CHICAGO — Anything made by McDonald's tastes better, preschoolers said in a study that powerfully demonstrates how advertising can trick the taste buds of young children.
Even carrots, milk and apple juice tasted better to the kids when they were wrapped in the familiar packaging of the Golden Arches.
The study had youngsters sample identical McDonald's foods in name-brand and unmarked wrappers. The unmarked foods always lost the taste test.
"You see a McDonald's label and kids start salivating," said Diane Levin, a childhood development specialist who campaigns against advertising to kids. She had no role in the research.
Levin said it was "the first study I know of that has shown so simply and clearly what's going on with (marketing to) young children."
Study author Dr.
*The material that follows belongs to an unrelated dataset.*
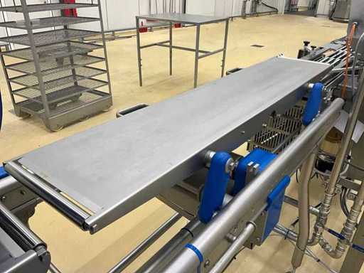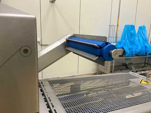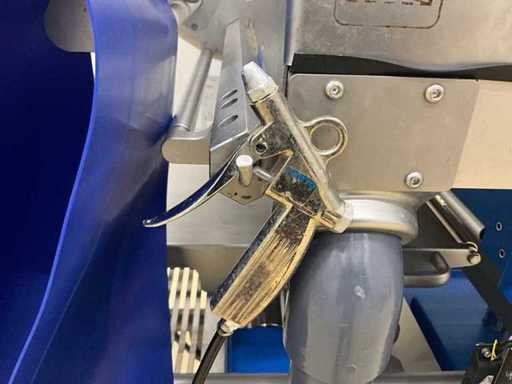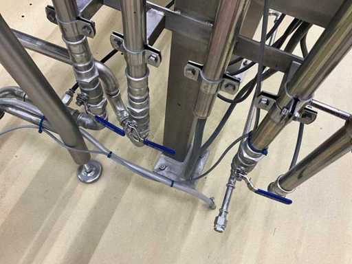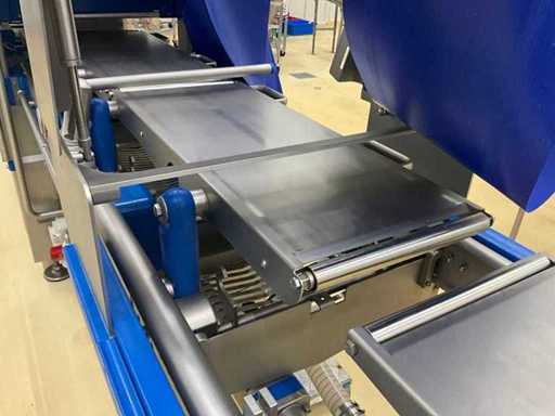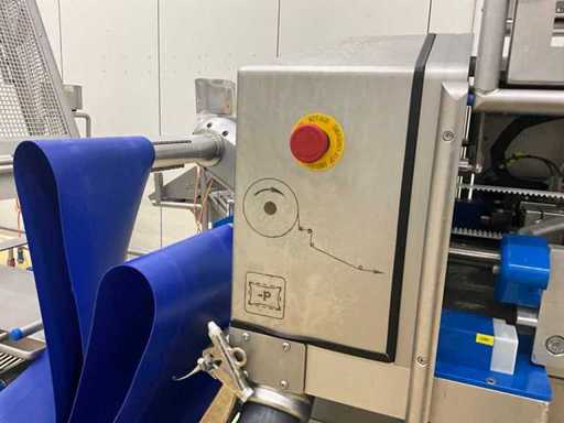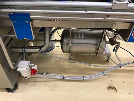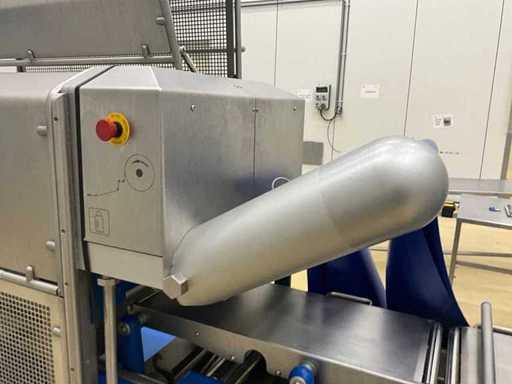 Equipped with inlet and run-out belt, film unwinding, gas buffer tank, line system, sealing station, residual film rewinding, stopper area, and control display.

Tom Robinson said the kids' perception of taste was "physically altered by the branding." The Stanford University researcher said it was remarkable how children so young were already so influenced by advertising.
The study involved 63 low-income children ages 3 to 5 from Head Start centers in San Mateo County, Calif. Robinson believes the results would be similar for children from wealthier families.
The research, appearing in August's Archives of Pediatrics & Adolescent Medicine, was funded by Stanford and the Robert Wood Johnson Foundation.
The study will likely stir more debate over the movement to restrict ads to kids. It comes less than a month after 11 major food and drink companies, including McDonald's, announced new curbs on marketing to children younger than 12.
McDonald's says the only Happy Meals it will promote to young children will contain fruit and have fewer calories and less fat.
"This is an important subject and McDonald's has been actively addressing it for quite some time," said company spokesman Walt Riker. "We've always wanted to be part of the solution and we are providing solutions."
But Dr. Victor Strasburger, an author of an American Academy of Pediatrics policy urging limits on marketing to children, said the study shows too little is being done.
"It's an amazing study and it's very sad," Strasburger said.
"Advertisers have tried to do exactly what this study is talking about — to brand younger and younger children, to instill in them an almost obsessional desire for a particular brand-name product," he said.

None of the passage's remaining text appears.